Едва я произнес эти слова, у принцессы Амелии внезапно возникла какая-то мысль; она опустила глаза, черты ее лица приняли печальное выражение; я удивился и замолчал.
Кадриль закончилась, последнее па на минуту разъединило меня с кузиной; когда я сопровождал ее к г-же д’Арвиль, мне показалось, что она была немного расстроена… Я подумал и поныне полагаю, что мой намек на пребывание принцессы во Франции пробудил в ней воспоминание о смерти ее матери и произвел на нее тягостное впечатление.
В течение всего вечера я заметил одно обстоятельство, которое покажется вам наивным, незначительным, но, по-моему, свидетельствует о том, что общество проявляет к этой девушке большой интерес. Лента, вышитая жемчугом, немного сдвинулась, и эрцгерцогиня София, которую Амелия в то время держала под руку, сама соблаговолила выровнять повязку у нее на лбу. Так вот, тому, кто знает надменность эрцгерцогини, такая предупредительность с ее стороны кажется немыслимой. Впрочем, принцесса, за которой я внимательно наблюдал, в этот момент была смущена, я сказал бы даже, сконфужена этим благосклонным вниманием, мне даже показалось, что у нее на глазах появились слезы.
Такой был мой первый вечер, проведенный в Герольштейне.
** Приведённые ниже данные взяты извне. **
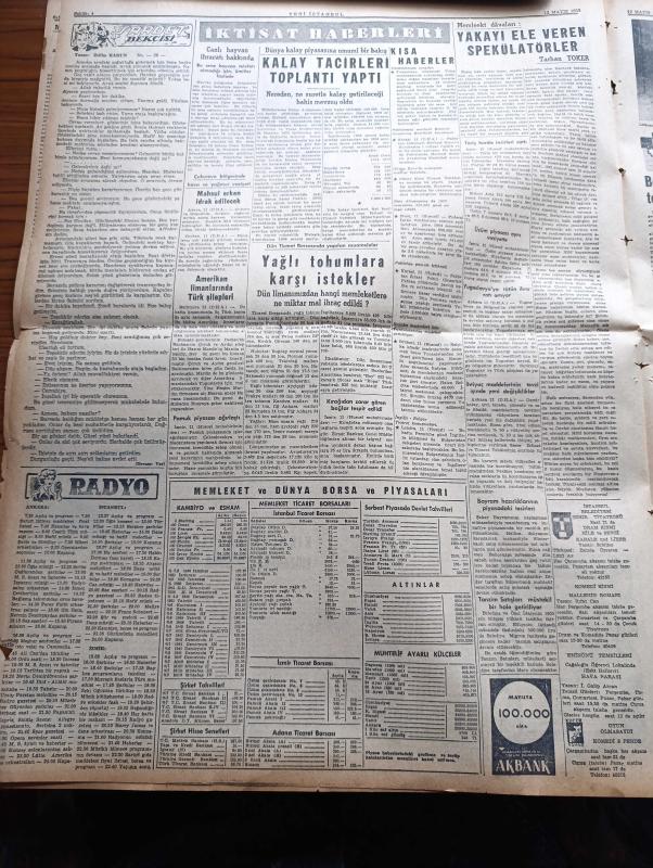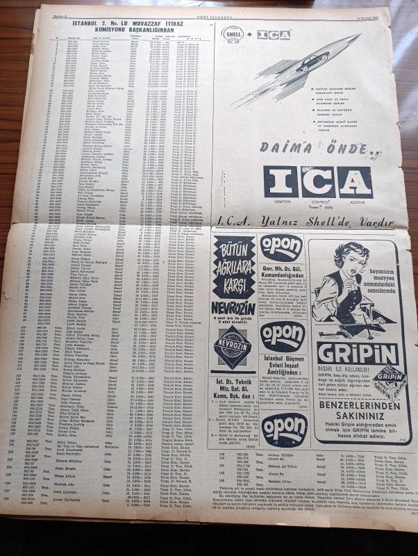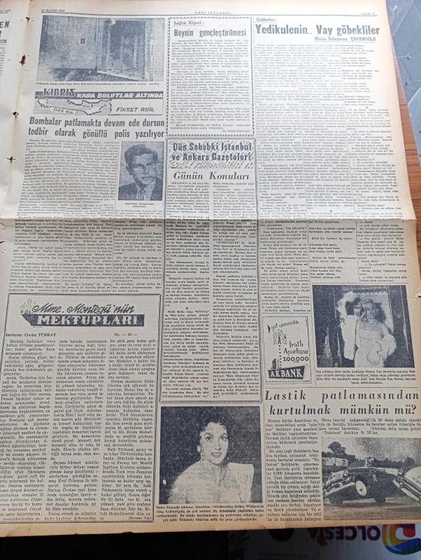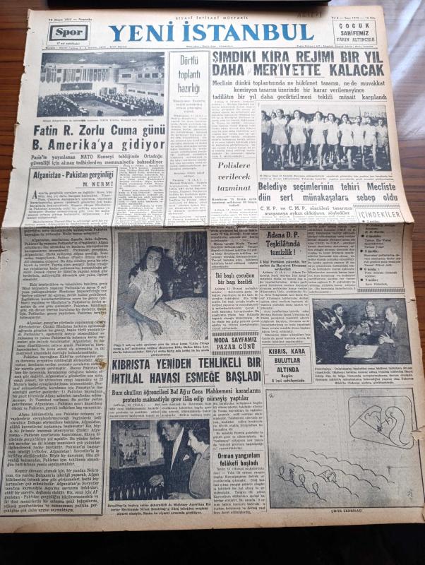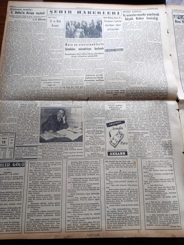 Yeni İstanbul Gazetesi - 12 Mayıs 1955 - Fatin Rüştü Zorlu Cuma Günü Birleşik Amerika'ya Gidiyor - Amerikan Başkanı Eisenhower - Mustafa Nermi - Şimdiki Kira Rejimi Bir Yıl Daha Meriyette Kalacak - Kıbrıs'ta Yeniden Tehlikeli İhtilal Havası Esmeğe Başladı - İki Başlı Çocuğun Bir Başı Kesildi - Belediye Seçimlerinin Tehiri Mecliste Sert Münakaşalara Sebep Oldu - Et ve Balık Kurumu - İstanbul Vali Ve Belediye Reisi Fahrettin Kerim Gökay - Rum Mehmetpaşa Camii - Sait Faik Abasıyanık'ın Hatırası Anıldı - Varşova Konferansında Dünkü İlk Toplantı - Dünyanın En Korkunç Hastalığı Sıtma - Saadet Bekçisi Yazan Zeliha Harun Yazı Dizisi - Kıbrıs Kara Bulutlar Altında Yazan Fikret Adil Yazı Dizisi - Son Yolların Cinsi Cazibe Kraliçesi Mamie Van Doren - Münir Süleyman Çapanoğlu - 19 Mayıs Bayramına Hazırlık - Genç Piyanist Füruzan Saydam - Tokalon - Ankara'da Lig Maçları - Akdeniz Olimpiyatları - Gripin - Nevrozin adlı eser, Kitap > Süreli Yayınlar > Gazeteler > Türkiye > Genel > Günlük kategorisinde İkinci El olarak satıştadır.

Я так подробно рассказываю о нем только потому, что почти все эти обстоятельства в дальнейшем имели для меня свои последствия.
Теперь буду краток; сообщу вам только о главном: о моих встречах с кузиной и ее отцом.
Через день после этого торжества я был в небольшом числе избранников, приглашенных на свадьбу великого герцога с маркизой д’Арвиль. Никогда я не видел на лице принцессы Амелии столько радости, столько блаженства, как во время этой церемонии. Она созерцала своего отца и маркизу с каким-то религиозным благоговением, что придавало особую прелесть выражению ее лица; можно было сказать, что на нем отражалось неописуемое счастье принца и маркизы д’Арвиль.
В тот день кузина была очень оживленной, разговорчивой. Я вел ее под руку во время прогулки, которую мы совершили после обеда по иллюминированному парку дворца. По поводу женитьбы своего отца она сказала:
– Мне кажется, что счастье обожаемых нами людей нам даже более отрадно, чем наше собственное счастье; есть какой-то оттенок эгоизма, когда люди наслаждаются только своим личным блаженством.
Я привожу это суждение кузины из многих произнесенных ею лишь для того, чтобы вы могли судить о сердце этого очаровательного создания, ведь она, как и ее отец, – гений доброты.
Несколько дней спустя после свадьбы герцога я имел с ним длительный разговор; он расспрашивал меня, чем я занимался в прошлые годы и что намерен делать в будущем; дал мне много разумных советов, внушил ободряющие надежды, даже с полным доверием рассказал мне о многих своих намерениях в отношении государства, чем я был горд и польщен; что еще сказать вам? Вдруг в моем сознании возникла безумная мысль: я подумал, что принц угадал мою любовь к его дочери и что в этом разговоре он хотел изучить меня, разгадать и, может быть, побудить меня к признанию…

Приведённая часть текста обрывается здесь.